Hi, I am new in CNN and Pytorch. I am wondering how in the first layer the input channel is 3 and the output is 6 (self.conv1 = nn.Conv2d(3, 6, 5) How the volume size of the output calculated?

I know there is a formula W2=(W1−F+2P)/S+1 to calculate the output, and I read this http://cs231n.github.io/convolutional-networks/#architectures which explained very well but still I cannot understand why in this (self.conv1 = nn.Conv2d(3, 6, 5)) input is 3 and output channel is 6.?

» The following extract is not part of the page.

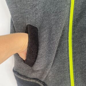 Mock neck, sleeveless, full zip, front pockets, new with tags, raw edges

For example, in the following script, I could understand the output channel of each layer is the input of the next layer but couldn’t figure out how it calculated in the first line while the size of the image is 32323
any help would appreciate.

Conv kernels operate on the whole input channels as described in your link.
The out_channels give the number of different kernels used.
So in your first conv layer you are using 6 different kernels with a size of [3, 5, 5].
In other words, each kernel has a spatial size of 5 and a depth of 3, since your input volume has 3 channels.

It’s a design choice and is similar to the number of hidden neurons in a linear layer.
Using more kernels gives the model more capacity, which might be helpful or harmful depending on the problem. In the tutorial it might just have been a decision to make the model performing good enough, while still having enough speed so that it can run on CPU smoothly.

@ptrblck, I was rereading this post. I am wondering what does it mean is similar to the number of hidden neurons in a linear array, because there is not any 6 in linear layers. Thanks in advance for all your help.